They Shoot Oscar Prognosticators, Don't They?
The Start of Round Two
By J. Don Birnam
November 26, 2014
Who will win the New York Film Critics Circle Awards? What movie will nab the top prize from the National Board of Review? The toe-wetting of the film festivals is over, the rank speculation backed by absolutely no data will finally be put behind us, and the endless parade of no-go contenders will soon turn into a Merry-Go-Round of the same 10 or so names. Finally, we enter Round Two of this year’s Oscar race when the New York Film Critics Circle awards its top prizes on December 1st and the National Board of Review follows the next day. The Los Angeles Film Critics Association will also speak soon, on December 7th.
Critics’ awards are not exact Oscar prognosticators. Rarely do they all agree on the same movie. Once they did (The Social Network), but the industry went elsewhere. Lately, the critics have been all over the place. What seems clear, however, is that each group cares deeply about how their choices are perceived. They care that their choices are relevant to the broader conversation. Again, as much as people mock or criticize the Academy Awards, they all look to them and even attempt to influence them. Indeed, a win from one of these three groups has and can revive a film’s fledging chances at a Best Picture nomination.
Before trying to predict what these predictors will do, let’s recap the Best Picture race we have so far. It turns out that despite the lack of a frontrunner, we have a pattern that is not very different from past years.
On the one hand we have the group of quirky, smart movies. Most are not emotionally satisfying or easy, but instead present intellectual or emotional challenges. This year, Birdman, Gone Girl, Foxcatcher, and A Most Violent Year arguably make up this list. These movies are this year’s Tree of Life, this year’s Zero Dark Thirty, or The Social Network, or Moneyball, and even Her. The pattern says: these will not win.

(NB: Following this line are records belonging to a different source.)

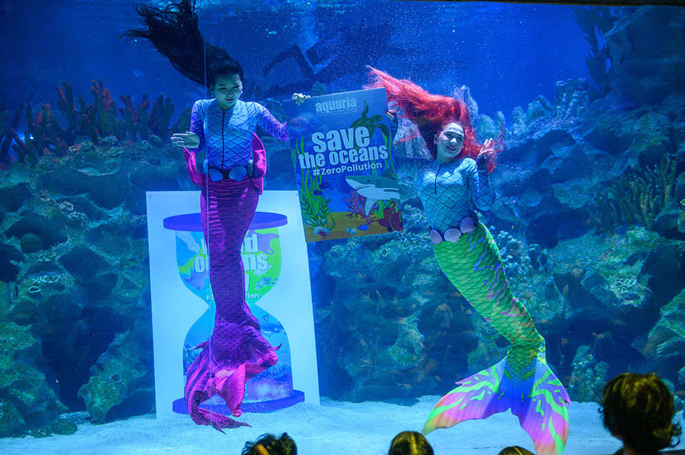 在马来西亚吉隆坡一家水族馆,两名潜水员装扮成“美人鱼”表演。(图片来源:新华社)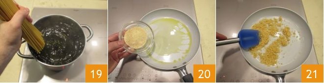 Boil the pasta in the same water that you cooked the fennel in 19. In the meantime, toast the breadcrumbs and pour into a pan with 2.2 tsp (10 g) of oil 20. Mix often to keep from burning and when they are golden brown, turn off the heat 21.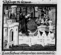 Parigi, Bibliothèque Nationale de France, Fr. 235, f. 60v. Sardanapalo si getta nel rogo del palazzo con i suoi tesori; all'esterno delle mura si trova l'esercito degli assedianti.

Next you have the ambitious blockbusters: Unbroken and Interstellar. Both are lukewarmly received. Still, they are arguably this year’s Gravity or Avatar. I don’t mean necessarily quality-wise, but it does seem like the Academy has reserved a slot for these big budget blockbuster movies since the expansion to more than five nominees a few years back. I would be surprised if at least one of them didn’t get in, but past pattern says that they will not win (at least not the science fiction movie).
Then you have the very small, independent movies. Think Whiplash, Inherent Vice, or The Grand Budapest Hotel. These are this year’s Winter’s Bone, An Education, A Simple Man, Amour, Beasts of the Southern Wild. Few will see these movies, but again it seems as if a slot or two has been reserved for these types of movies since the expansion.
Finally you have the feel-good, pretending to be important movies. The Theory of Everything and The Imitation Game pack a one-two punch of fluff mixed with emotion combined with good acting and overall technical, while telling admittedly important stories. Argo. The King’s Speech. Starting to get my drift? If these patterns hold, the Best Picture Oscar winner is likely between those two.